Data items:
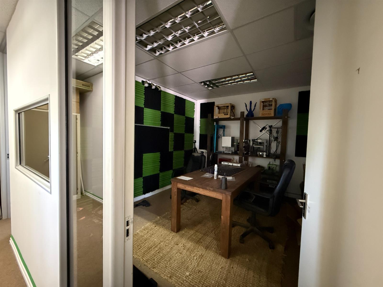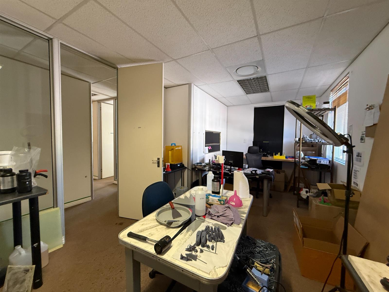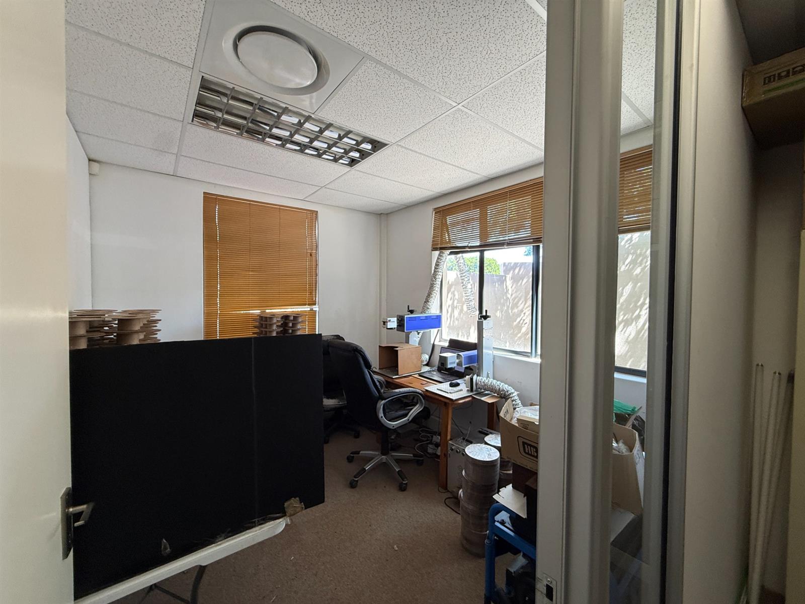 The unit comprises four combined offices with the flexibility to reconfigure if needed. Features include a welcoming reception area, multiple private offices and meeting rooms, a kitchen and break area, server room, and separate male and female bathrooms. Fully air-conditioned, fibre-ready, freshly painted, and move-in ready.
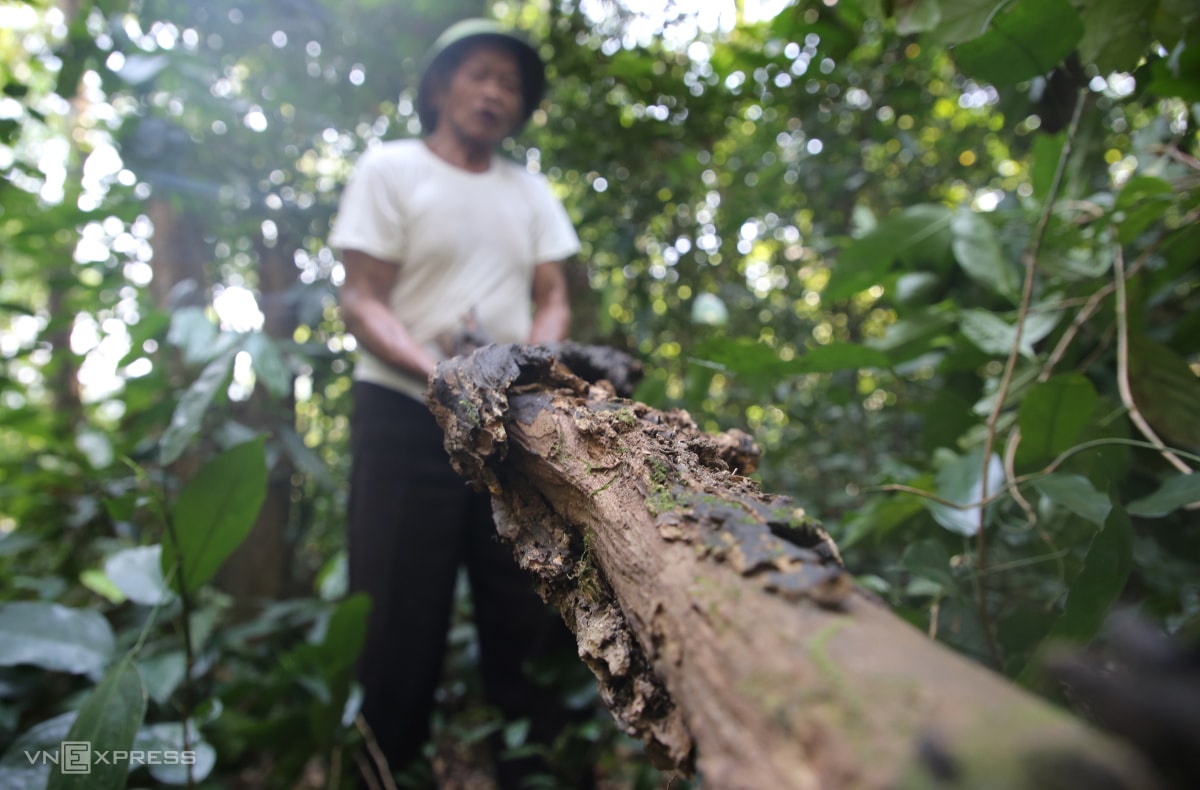 Ông Đô chặt tỉa từng cây bụi trong rừng giúp cây lim vươn lên. Hơn 30 năm qua, thường xuyên qua lại trong rừng, ông nhớ từng vị trí cây lim. "Nhiều lần bắt gặp người dân chặt củi, tôi nhắc họ không được chặt cây sống, còn muốn lấy củi thì chặt những cây khô", ông kể.
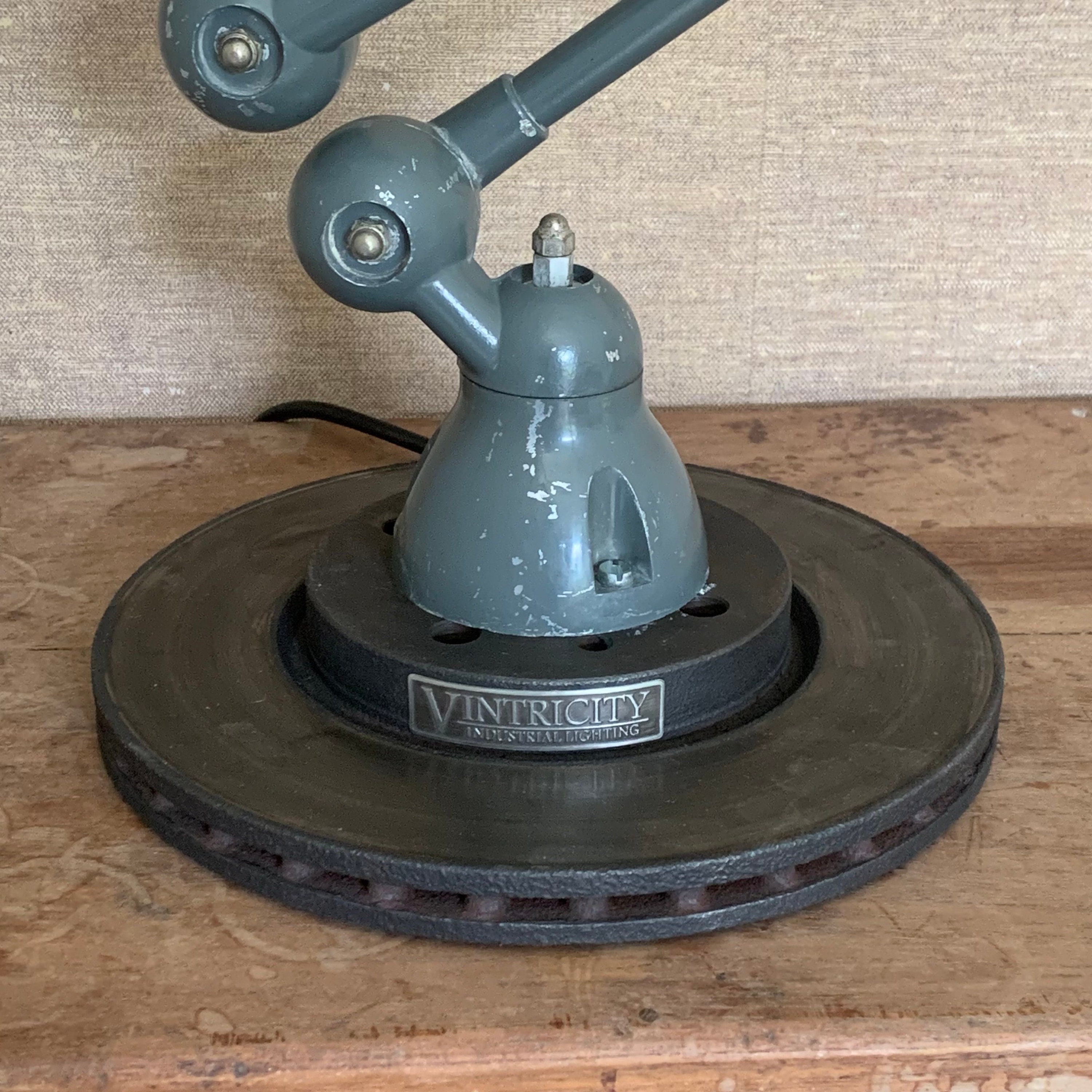 The lamp stands on a recycled brake disc. This has been stripped of rust, degreased and treated with a layer of Graphite Wax for a nice matching look. The bottom of the disc is equipped with 8 anti-slip pads. The wiring is professionally connected using terminal blocks (no loose terminal blocks!)
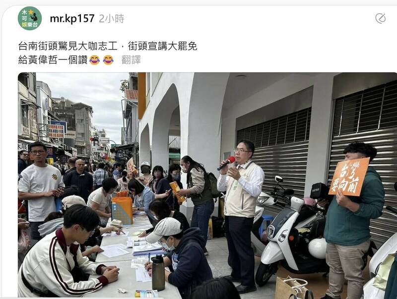 「全台大罷免」連署聲援已在台南各地響起,台南市長黃偉哲今(3)日現身中西區國華街的民主連署站宣講,網友發現後大讚留言「這個志工太重量級了」、「太厲害了」!
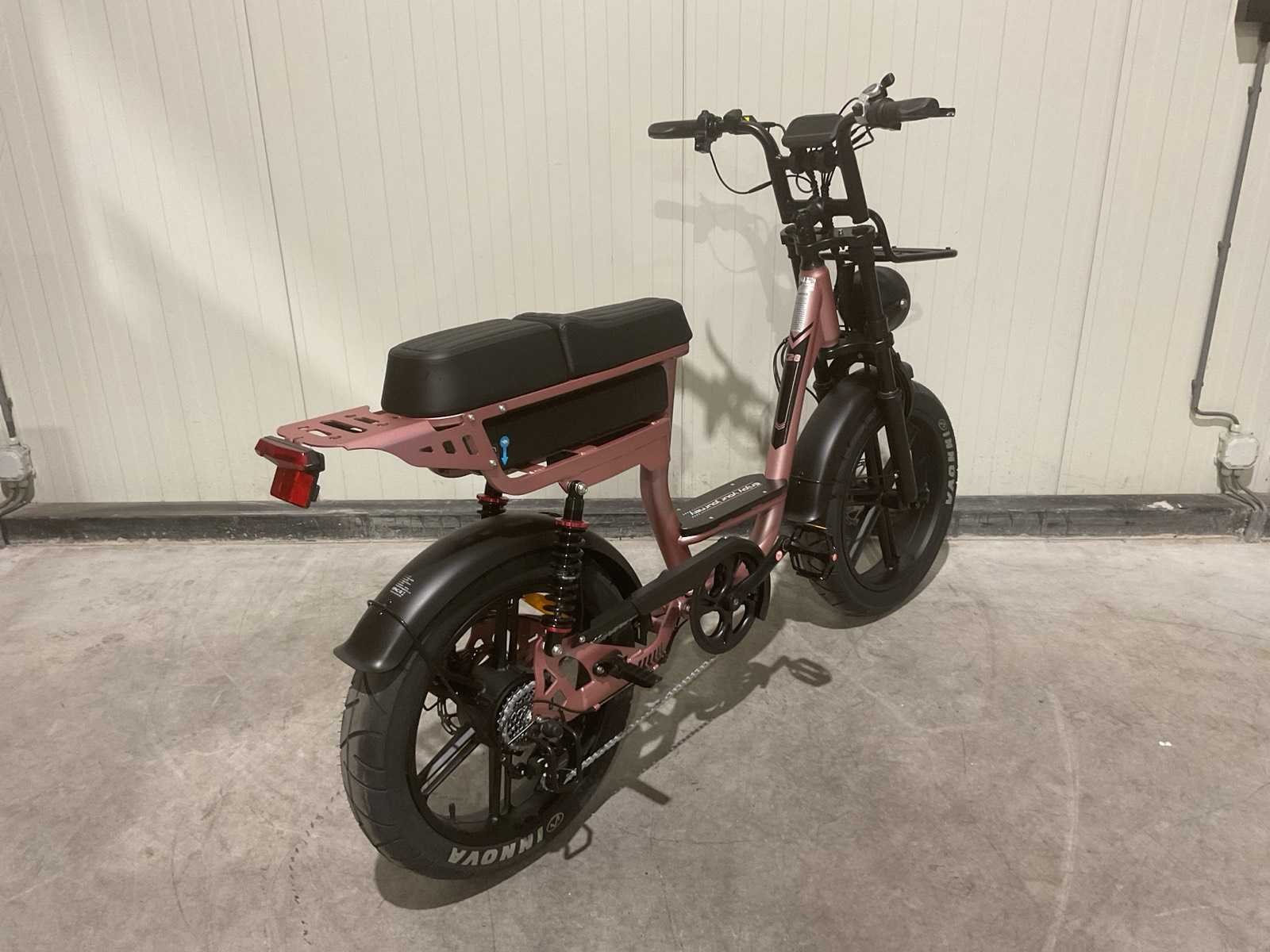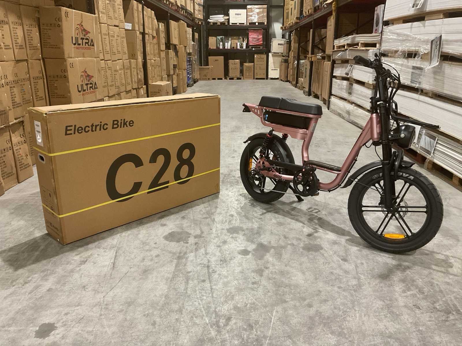 250W; Accu (Batterij) 48V/15Ah (of 15.6Ah); Maximumsnelheid 25 km/u (legaal in Nederland); Actieradius Ongeveer 60 km (gemiddelde ondersteuning); Hydraulische schijfremmen; Wielmaat 20 inch; Versnellingen 7 versnellingen; Frame Aluminium frame; Maximaal gewicht Tot 150 kg Merk: C28 Model: Roze
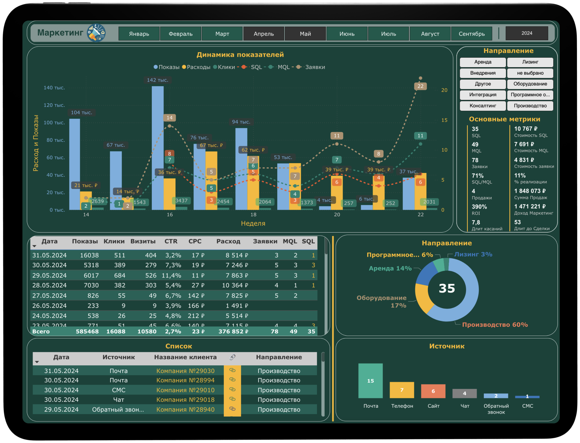 Удобное получение отчетов ускоряет принятие решений и прогнозирование. Динамичные графики заменяют громоздкие таблицы и файлы.

Task directions:
Can the entries above be repeated exactly, without their pictures?

Task output:
 The unit comprises four combined offices with the flexibility to reconfigure if needed. Features include a welcoming reception area, multiple private offices and meeting rooms, a kitchen and break area, server room, and separate male and female bathrooms. Fully air-conditioned, fibre-ready, freshly painted, and move-in ready.
 Ông Đô chặt tỉa từng cây bụi trong rừng giúp cây lim vươn lên. Hơn 30 năm qua, thường xuyên qua lại trong rừng, ông nhớ từng vị trí cây lim. "Nhiều lần bắt gặp người dân chặt củi, tôi nhắc họ không được chặt cây sống, còn muốn lấy củi thì chặt những cây khô", ông kể.
 The lamp stands on a recycled brake disc. This has been stripped of rust, degreased and treated with a layer of Graphite Wax for a nice matching look. The bottom of the disc is equipped with 8 anti-slip pads. The wiring is professionally connected using terminal blocks (no loose terminal blocks!)
 「全台大罷免」連署聲援已在台南各地響起,台南市長黃偉哲今(3)日現身中西區國華街的民主連署站宣講,網友發現後大讚留言「這個志工太重量級了」、「太厲害了」!
 250W; Accu (Batterij) 48V/15Ah (of 15.6Ah); Maximumsnelheid 25 km/u (legaal in Nederland); Actieradius Ongeveer 60 km (gemiddelde ondersteuning); Hydraulische schijfremmen; Wielmaat 20 inch; Versnellingen 7 versnellingen; Frame Aluminium frame; Maximaal gewicht Tot 150 kg Merk: C28 Model: Roze
 Удобное получение отчетов ускоряет принятие решений и прогнозирование. Динамичные графики заменяют громоздкие таблицы и файлы.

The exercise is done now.